Clarets muddling along in mid-table

By October 18, 2011 Burnley, Championship 2 Comments

Looking at the league table suggests a solid start to the 2011/12 season for Burnley – three wins, three draws and four defeats, with a comfortable mid-table position, and a place in the League Cup 4th round after home wins over lower league opposition to boot. However the stats do not reflect what has already been a very up-and-down season, with some excellent and some horrendous performances, some excellent points against tough opposition coupled with points dropped to some of the league’s weaker sides, and some decent transfer business tallied against some very disappointing departures. Burnley fans could be forgiven for finding it very hard to assess the team, manager and season thus far.

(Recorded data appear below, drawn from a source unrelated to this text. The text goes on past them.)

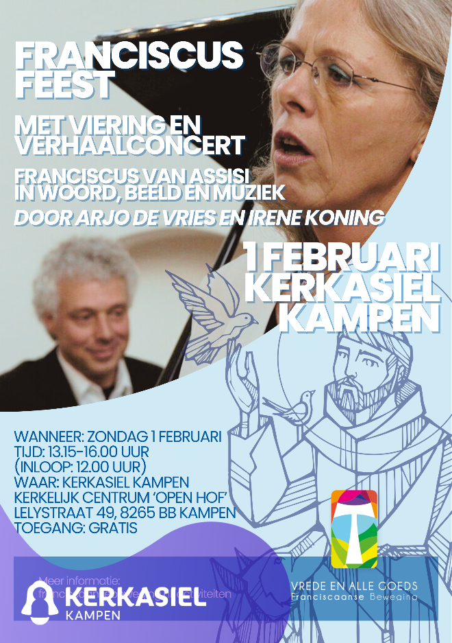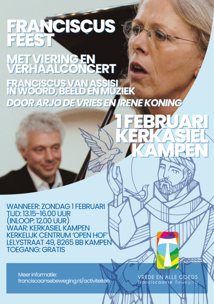 “Op zondagmiddag 1 februari vieren we het Franciscus feest. Met voorgangers van diverse Franciscaanse groepen, samen het Zonnelied zingen en gesprekken over o.a. de boodschappen van Paus Franciscus en Paus Leo voor vluchtelingen. In de gebedsviering van 12.00-16.00 staat centraal het verhaalconcert over Franciscus 13:15 – 14:30 van Irene Koning en Arjo de Vries. Één tip van de sluier: het begint met een thema uit Peter en de wolf….”
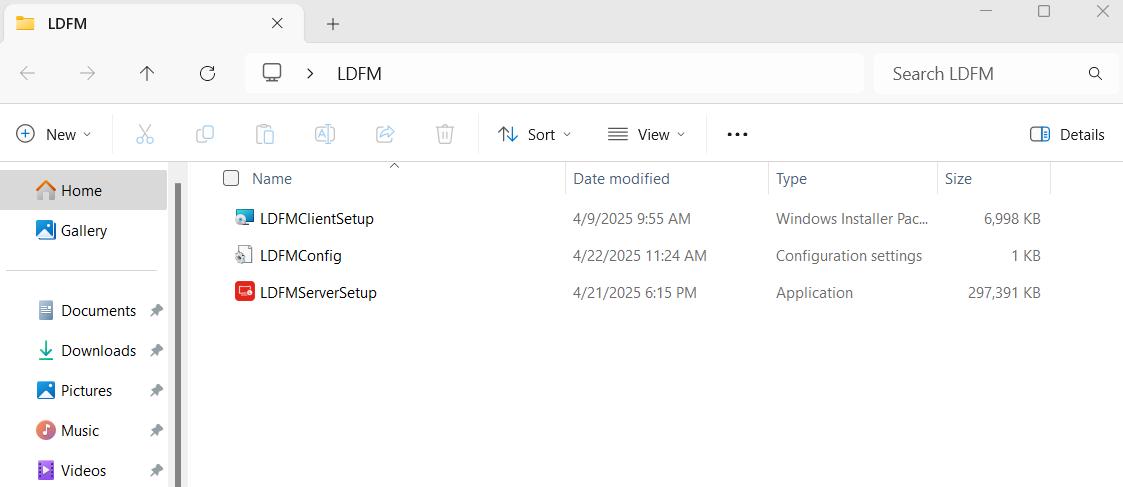installation to the same directory as LDFMClientSetup.exe
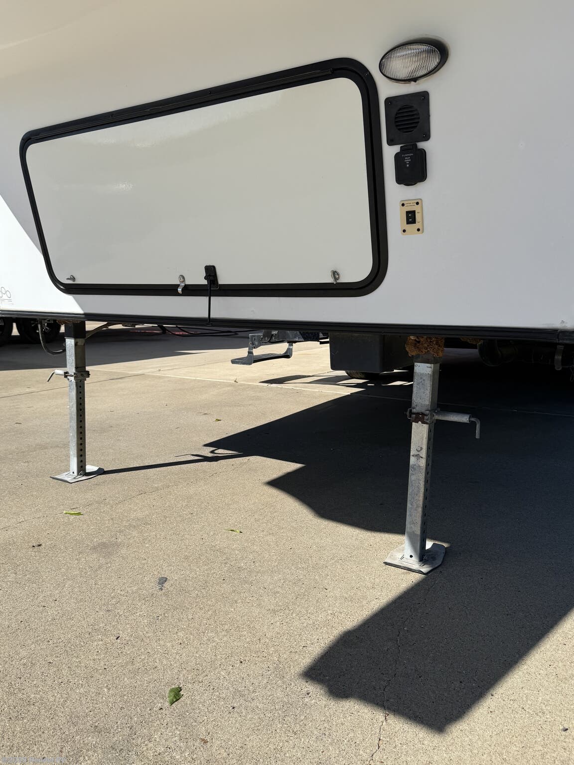 Awning, Exterior Speakers, External Shower, Ladder, Leveling Jacks, Power Roof Vent, Skylight, Slideout, Spare Tire Kit -

My pre-season expectations were hampered by the sales of key players like Mears, Eagles and Fox, without proper replacements being brought in, and nothing suggested to me that our rather threadbare squad was likely to improve on last year’s 8th place finish. Disappointing results against some of the division’s weaker sides (one point from games against Watford, Crystal Palace and Peterborough) exposed major weaknesses, particularly in the centre of defence, where the burden of expectation has been seemingly too much for Manchester City loanee Ben Mee, and in the middle of midfield, where Dean Marney in particular seems far too limited to be an effective part of a two man midfield. The performance against Middlesbrough in particular was one of the worst seen at the Turf since the days of Steve Cotterill (apologies Nottingham Forest fans), and it really did seem that we had a relegation battle on our hands.

Recent weeks have produced the best results of the season though, and on top of the excellent away win at Derby in August, a confidence-boosting point was gained against leaders Southampton, before the thumping 5-1 victory over Nottingham Forest, which really demonstrated the attacking potential in the team, particularly the exciting young trio of Charlie Austin, Jay Rodriguez and Junior Stanislas.

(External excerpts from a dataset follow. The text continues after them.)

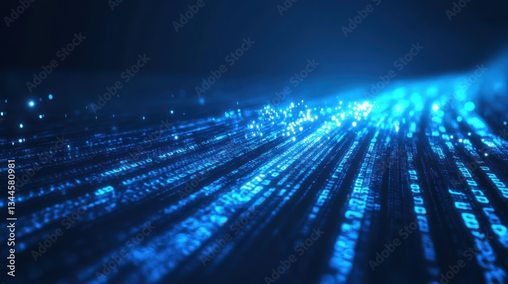 Wall mural : Futuristic digital data stream, glowing binary code flowing in a dark blue space, high-tech cyber ba
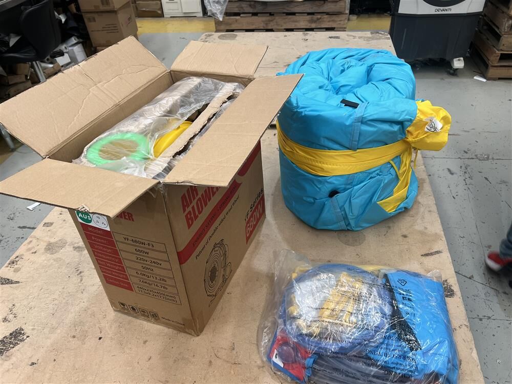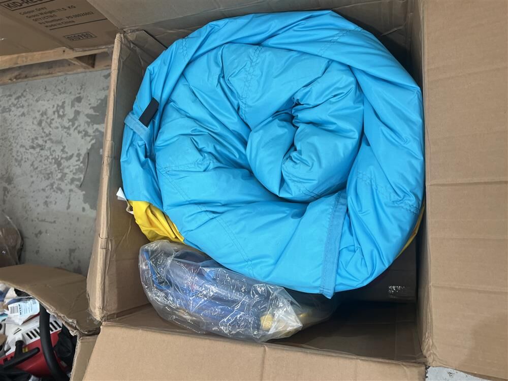 1*Inflatable water park 1*Blower 1*Carrying bag 4*Repair patches 8*Water park stakes 2*Blower stakes 1*Hose assembly kit 1*Inflatable football 1*User guide |
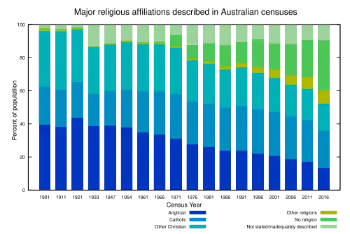 Les divisions religieuses en Australie avaient tendance à refléter l'héritage politique de la Grande-Bretagne et de l'Irlande. Jusqu'en 1945, la grande majorité des catholiques d'Australie étaient d'origine irlandaise, ce qui a amené la majorité britannique à remettre en question leur loyauté envers l'Empire britannique. Les premiers prêtres catholiques sont arrivés en Australie en tant que condamnés en 1800, mais la rébellion de Castle Hill de 1804 a alarmé les autorités britanniques et aucun autre prêtre n'a été autorisé dans la colonie jusqu'en 1820, lorsque Londres a envoyé John Joseph Therry et Philip Connolly[47]. En 1901, la Constitution australienne garantit la séparation de l'Église et de l'État. Une période notable de sectarisme a réapparu pendant la Première Guerre mondiale et le soulèvement de Pâques de 1916 en Irlande[44], mais l'importance de la division religieuse a considérablement diminué après la Seconde Guerre mondiale. Il y a eu une croissance de l'appartenance non religieuse, mais aussi une diversification des Églises chrétiennes (en particulier la croissance des églises orthodoxes grecques, macédoniennes, serbes et russes), ainsi qu'une augmentation de l'œcuménisme parmi les chrétiens, à travers des organisations telles que le Conseil national de Églises en Australie[48].

The pairing of David Edgar and Andre Amougou at centre-half seems to have stabilised things at the back somewhat (although both have a frightening tendency to switch off at crucial times), and one of many acquisitions from Bournemouth; Marvin Bartley, has begun to carve out a niche for himself in central midfield after red cards at Nottingham Forest and Crystal Palace hindered his progress since signing in January. A win away at Millwall just before the international break was another excellent result and, miraculously, brought our first clean sheet in twenty-four attempts; a real monkey off the back of the defence. Saturday’s game against Reading, while something of a flat performance, would even have produced a mind-blowing second clean sheet in succession, bar a ridiculously late 99th minute winner for the away side.

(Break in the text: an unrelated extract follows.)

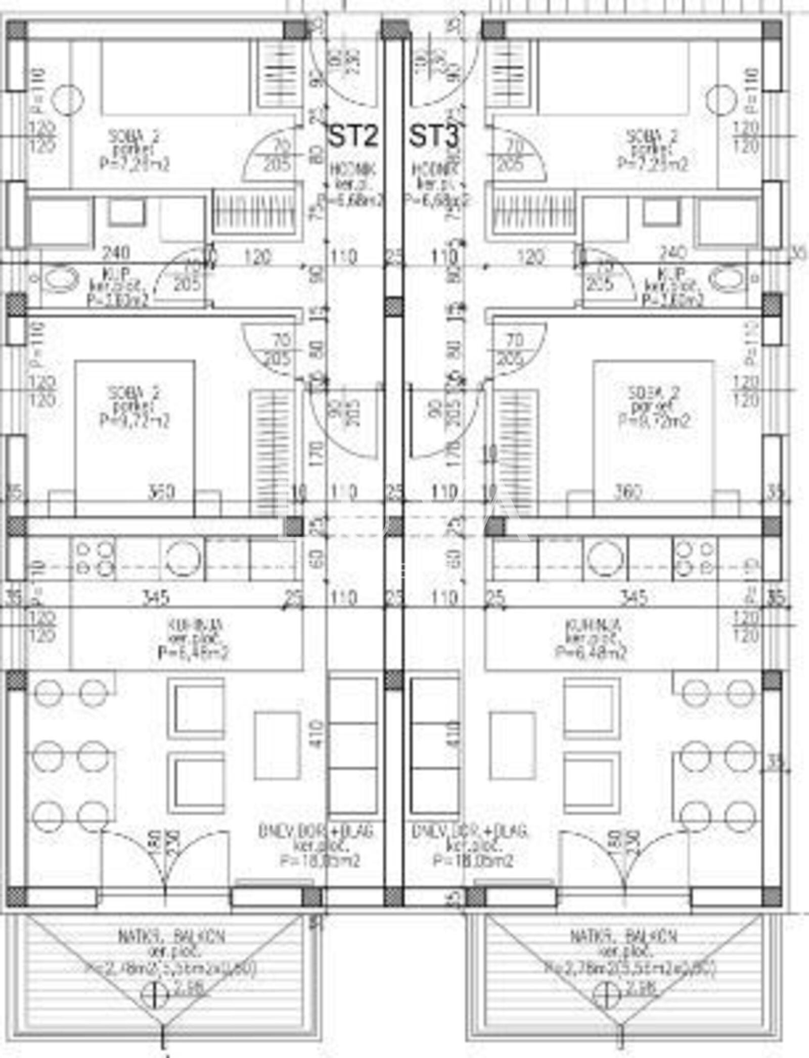 Stan raspolaže prostranim dnevnim boravkom površine 18,05 m², koji zahvaljujući velikim otvorima pruža obilje prirodnog svjetla i pogled prema moru. Dnevni prostor povezan je s natkrivenim balkonom od 6 m², idealnim za opuštanje i uživanje u mediteranskoj atmosferi tijekom cijele godine.
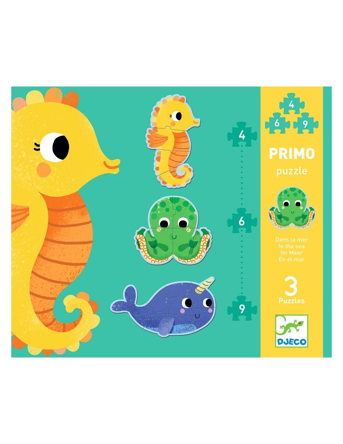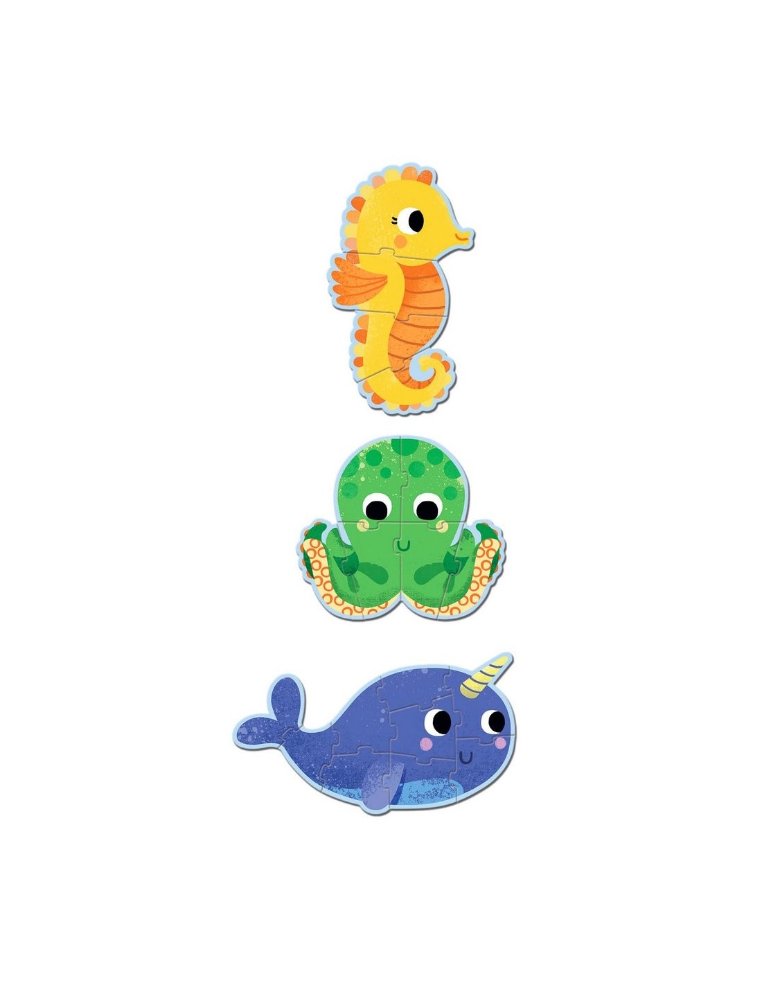 Us presentem aquest meravellós puzle de Djeco, ambientat en l'oceà. En la caixa trobaràs 3 trencaclosques de diferents dificultats: 4, 6 i 9 peces. Les encantadores imatges d'animals marins (un polp, un caballito de mar i un narval) aviat es convertiran en les favorites del teu fill. Aquest tipus de joc desenvolupa el pensament lògic, la destresa, les habilitats motores fines i el reconeixement dels colors.

The club has become known for cup runs in recent seasons, and after avoiding an upset in a tricky fixture against Milton Keynes, the anti-climactic draw of Cardiff away in the fourth round should not detract from the fact that the League Cup is acting once again as a helpful distraction from the patchy league form for the fans.

This recent on-pitch success has tempered fan criticism of the board somewhat, although constant reports in the press of possible signings “next week” have become a running joke amongst Burnley fans, predictably met with (as it turns out, well-placed) cynicism. Fans are still smarting from the abrupt sale of Wembley hero Wade Elliott, pushed out of the back door despite a promise from the board that no more players would be sold (the second such promise broken this season), and the continuing lack of acquisitions is a real worry. Zavon Hines seems an able replacement for Rodriguez and Austin up front, and Stanislas, Wallace and Treacy offer options on the wings, but beyond that, the threadbare squad is a big concern. There are literally only two full-backs at the club, and Amougou or captain Chris McCann would prove very difficult to replace in central defence and midfield respectively. The spine of the Burnley team is far from complete, and the winter months will test it severely.

Fans have a tendency to get swept away in the emotion of a famous victory or a dire defeat, but the international week is an excellent time to take stock, and it seems that positives and negatives have, thus far, balanced each other out at Turf Moor. A positive or negative run before Christmas will set the focus for the rest of the season- will we be looking up the table or over our shoulders, and will the board finally back Eddie Howe in the transfer market? For myself, a mid-table squad can only ever equal a mid-table finish, but it will be fascinating to see what happens on and off the pitch between now and January. At least in the Championship, not even mid-table is dull!

Written by Tom Whittaker, We Are Going Up’s Burnley Blogger

Tom tweets at @tomclaret


  • Michael Wicks says:

    “Disappointing results against some of the division’s weaker sides (one point from games against Watford, Crystal Palace and Peterborough)”

    Watford (22nd) fair enough. But are Peterborough (10th) and – particularly – Palace (4th) some of the division’s weaker sides?

  • tomclaret says:

    Peterborough were there for the taking when we played them, and personally, yes, I feel they are one of the weaker teams in the division, despite their league position. Palace is fair comment though- I think at the time we played them, based on their position last season, we were expecting something from the game, which is reflected in that comment. Obviously it hasn’t quite gone that way!